Since \(u^{(l-1)}(t)\geq 0\), from the last inequality we find

\[ u^{(l-1)}(t) = u^{(l-1)}(t_0) + \int_{t_0}^{t}u^{(l)}(\tau)\,d\tau \geq \int_{t_0}^{t}(\tau-t_0)^{m-l-1}u^{(m-1)}(2^{m-l-1}\tau)\,d\tau \geq \]

\[ \geq \frac{(t-t_0)^{m-l}}{m-l} u^{(m-1)}(2^{m-l-1}t). \]

Hence, after \((l-1)\)-fold integration, the required inequality (9) is obtained. The lemma is proved.

* Clearly, equation (1) has singular solutions only in the case when the conditions for uniqueness of the solution of the Cauchy problem are violated.

Lemma 2. If \(u(t)\) is an absolutely continuous, constant-sign function together with its derivatives up to order \((m-1)\) inclusive on the interval \((t_0,\infty)\), and

\[ u^{(m)}(t)u(t)\geqslant 0, \tag{11} \]

then either

\[ u^{(k)}(t)u(t)\geqslant 0\quad (k=0,1,\ldots,m), \tag{12} \]

or there exists a number \(l\) of the same parity as \(m\), \(0\leq l\leq m-2\), such that

\[ u^{(k)}(t)u(t)\geqslant 0\quad (k=0,1,\ldots,l),\quad (-1)^{m+k}u^{(k)}(t)u(t)\geqslant 0 \]

\[ (k=l+1,\ldots,m) \tag{13} \]

and inequality (9) is satisfied.

Proof. Two cases are possible: either \(u^{(m-1)}(t)u(t)\geqslant 0\), or \(u^{(m-1)}(t)u(t)\leqslant 0\). If the first of these holds, then by virtue of (11) it is easy to conclude that (12) holds; while if \(u^{(m-1)}(t)u(t)\leqslant 0\), then by Lemma 1 there exists a number \(l\), \(0\leq l\leq m-2\), of parity opposite to that of \(m-1\), for which (13) is satisfied and

\[ |u(t)|\geq \frac{(t-t_0)^{m-2}}{(m-2)\ldots(m-l-1)} \left|u^{(m-2)}\left(2^{m-l-2}t\right)\right|. \]

Hence, taking into account that

\[ \left|u^{(m-2)}(t)\right|\geq t\left|u^{(m-1)}(2t)\right|, \]

inequality (9) is obtained immediately.

Lemma 3. Let \(u(t)\) be a solution of the differential equation

\[ \frac{d^m u}{dt^m}+f_1(t,u)=0, \tag{14} \]

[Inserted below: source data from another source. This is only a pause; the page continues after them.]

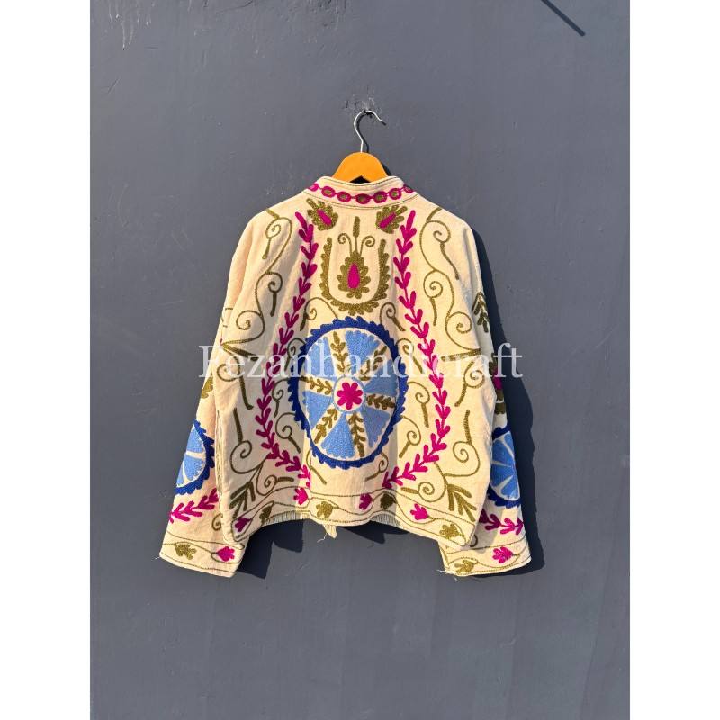 เสื้อโค้ทกำมะหยี่ซูซานีปักลายอุซเบกิสถาน สไตล์โบฮีเมียนชิค พร้อมกระเป๋าข้างสองข้าง เสื้อแจ็คเก็ตฤดูหนาวแบบยูนิเซ็กซ์
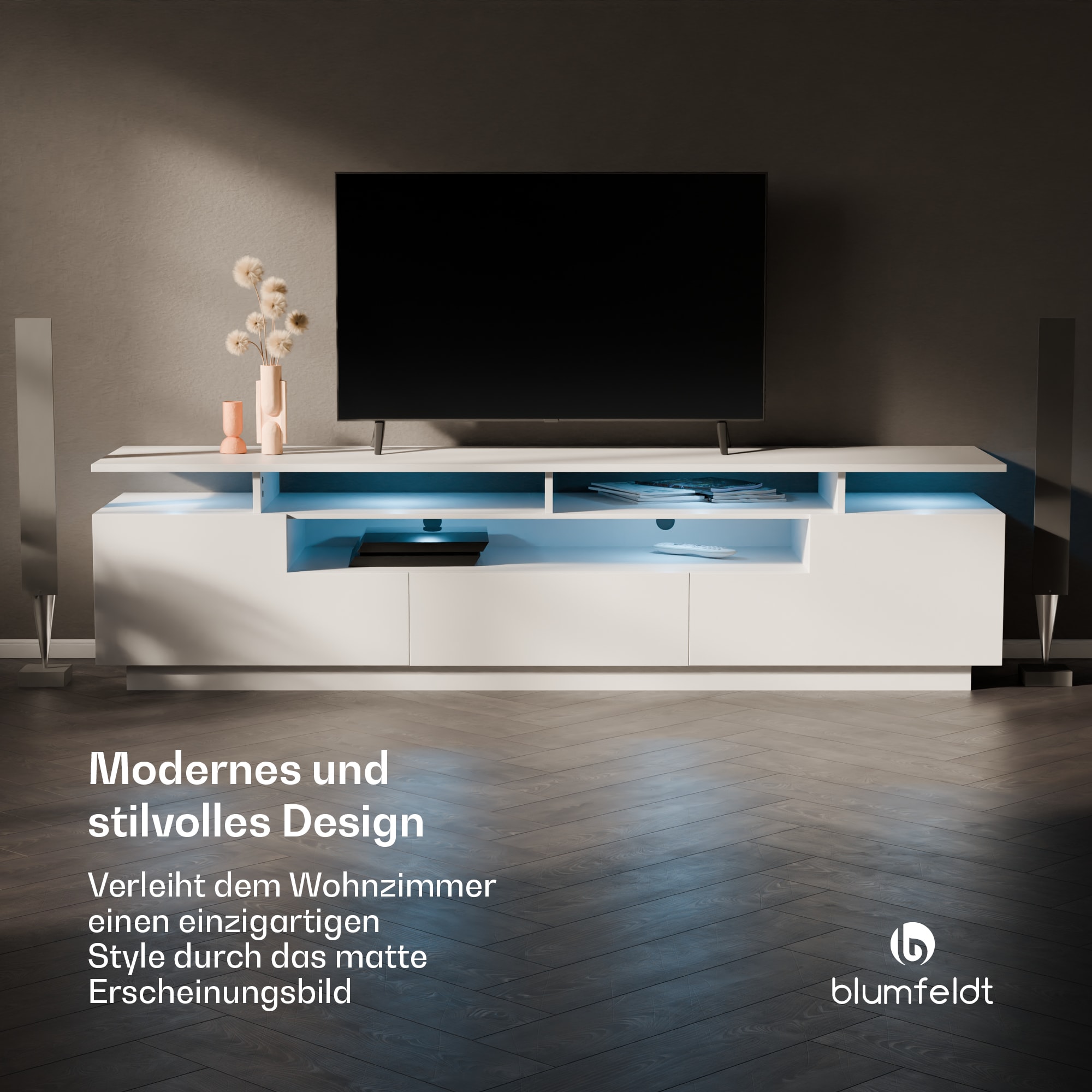 S TV skrinkou blumfeldt Perth Lowboard nedostanete len kus nábytku, ale aj vyjadrenie moderného štýlu a funkčnosti vášho domova. Lowboard blumfeldt Perth zaujme moderným dizajnom s matnou doskou a laminátom, ktorý je nielen štýlový, ale aj robustný. Tento kus nábytku upúta pozornosť vo vašej obývačke a dodá miestnosti jedinečnú estetiku.Integrované LED osvetlenie vám umožní upraviť atmosféru podľa vašich preferencií. Variabilný výber farieb a štyri rôzne režimy osvetlenia vytvárajú individuálnu svetelnú náladu pre každú príležitosť TV skrinka blumfeldt Perth s tromi veľkorysými úložnými úrovňami ponúka dostatok miesta na multimediálne zariadenia, knihy a dekorácie.Montáž je jednoduchá a nekomplikovaná. Vďaka jasnému návodu a premyslenej konštrukcii je váš lowboard pripravený na použitie už za 20 minút. S rozmermi 195 x 50 x 33 cm sa perfektne hodí do vašej obývačky a ponúka maximálnu nosnosť 30 kg pre váš televízor.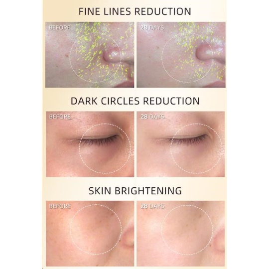 • Klinicky prokázaná redukce vrásek kolem očí o 24,56% a tmavých kruhů o 29,41% za 28 dní.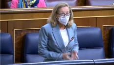 Calviño le ha contestado diciéndole que se alegra de que ya sepa que ella sí que estuvo en la sesión de la semana pasada: “El otro día en una comparecencia parlamentaria ni siquiera se había enterado de qué miembros del Gobierno estábamos aquí”.

defined on the interval \((0,t_0)\), and let \(v(t)\) be a nonnegative solution on the same interval of the differential equation

\[ \frac{d^m v}{dt^m}+f_2(t,v)=0. \tag{15} \]

If

\[ (-1)^{m-1}\bigl[f_1(t,x_1)-f_2(t,x_2)\bigr]>0 \quad\text{for }0\leq t\leq t_0,\ x_1\geq x_2\geq 0 \tag{16} \]

and

\[ (-1)^k\bigl[u^{(k)}(t_0)-v^{(k)}(t_0)\bigr]>0 \quad (k=0,1,\ldots,m-1), \tag{17} \]

then for \(0\leq t\leq t_0\) we shall have

\[ (-1)^k\bigl[u^{(k)}(t)-v^{(k)}(t)\bigr]>0 \quad (k=0,1,\ldots,m-1). \tag{18} \]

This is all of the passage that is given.